- Required work
Leave the pictures out and write out exactly the lines from the top of the entries through the line containing "Feminine, floaty and".

- Supplied data
*** Block opens ***

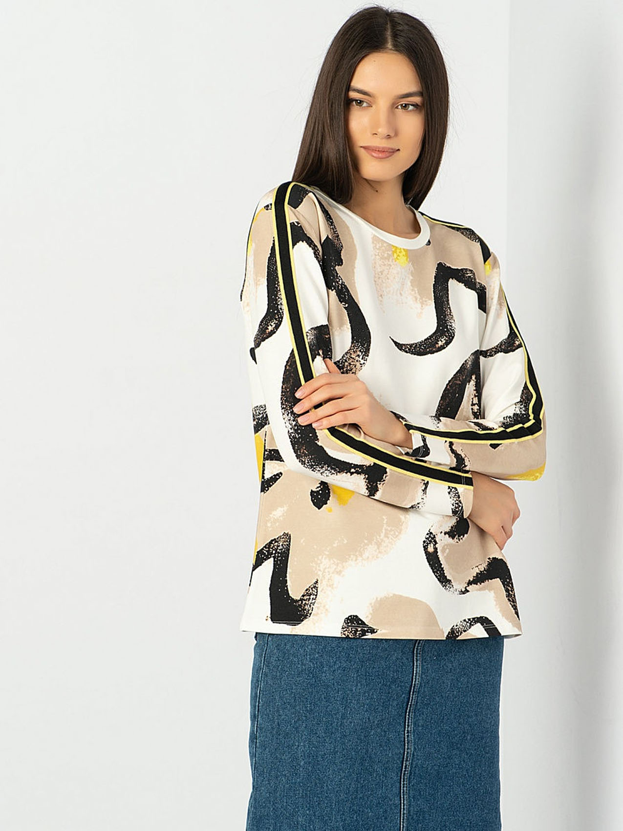 Футболка-лонгслив. Трендовый абстрактный принт. Слегка приталенный силуэт. Декоративная лента на плечах и рукавах. Материал из смеси хлопка, модала и эластана обеспечивает комфорт. Длина изделия по спинке: 65 см.
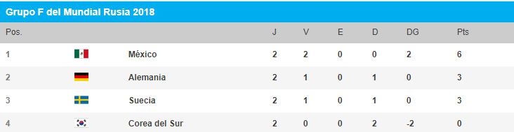 El Grupo F del Mundial Rusia 2018 está de candela y tiene a México, Alemania, Suecia y Corea del Sur en la pelea por los dos cupos para octavos de final. Conoce a continuación cómo quedó la tabla de posiciones tras la fecha 2
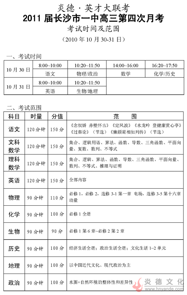 炎德英才大聯考長沙市一中2011屆高三第四次月考考試時間和范圍
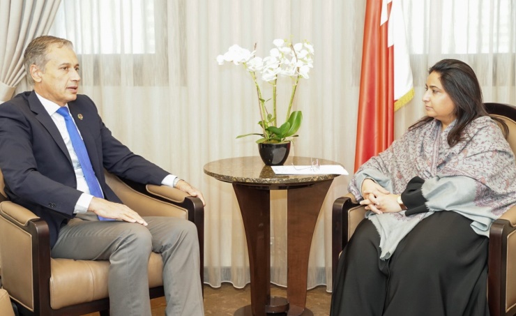 Dr. Shaikha Rana welcomed the UN official and affirmed the Kingdom of Bahrain's keenness to enhance partnership with the United Nations and its specialised agencies, and to continue cooperation and joint coordination at various levels to meet common aspirations.
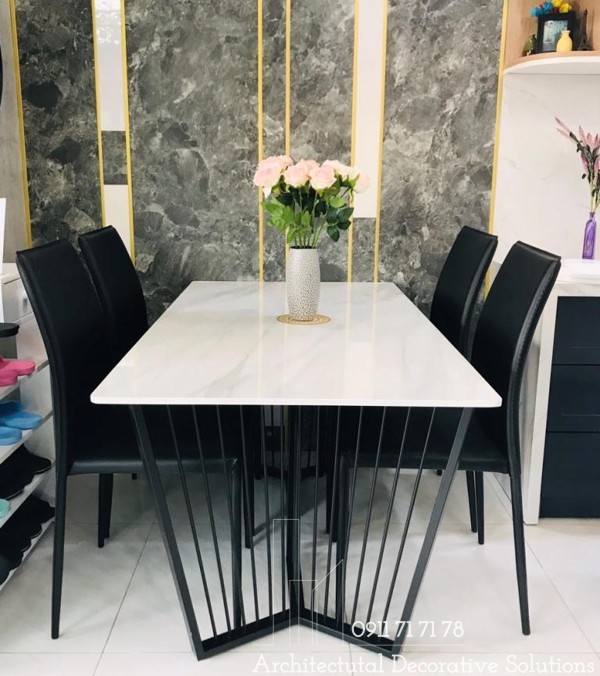 Chất Liệu : chân sắt sơn đen mặt đá trắng vân
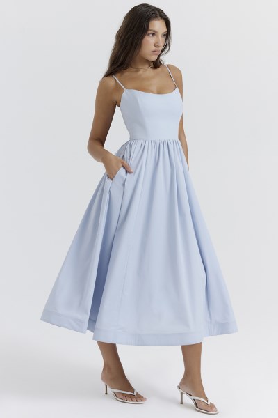 Feminine, floaty and perfect for Summer. Cut from breezy stretch cotton for a fresh feel in soft blue, 'Lolita' has a boned bodice to cinch the waist,
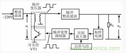 開關管VT1的工作狀態(tài)受脈沖寬度調(diào)制器輸送來的開關脈沖信號的控制呈周期性的導通與截止,由此在開關管集電極上形成脈沖電壓,經(jīng)脈沖變壓器耦合,其次級就可得到相應的脈沖電壓,該電壓再經(jīng)脈沖整流濾波電路處理后得到直流輸出電壓uo。

*** Block closes ***

- Answer
 Футболка-лонгслив. Трендовый абстрактный принт. Слегка приталенный силуэт. Декоративная лента на плечах и рукавах. Материал из смеси хлопка, модала и эластана обеспечивает комфорт. Длина изделия по спинке: 65 см.
 El Grupo F del Mundial Rusia 2018 está de candela y tiene a México, Alemania, Suecia y Corea del Sur en la pelea por los dos cupos para octavos de final. Conoce a continuación cómo quedó la tabla de posiciones tras la fecha 2
 炎德英才大聯考長沙市一中2011屆高三第四次月考考試時間和范圍
 Dr. Shaikha Rana welcomed the UN official and affirmed the Kingdom of Bahrain's keenness to enhance partnership with the United Nations and its specialised agencies, and to continue cooperation and joint coordination at various levels to meet common aspirations.
 Chất Liệu : chân sắt sơn đen mặt đá trắng vân
 Feminine, floaty and perfect for Summer. Cut from breezy stretch cotton for a fresh feel in soft blue, 'Lolita' has a boned bodice to cinch the waist,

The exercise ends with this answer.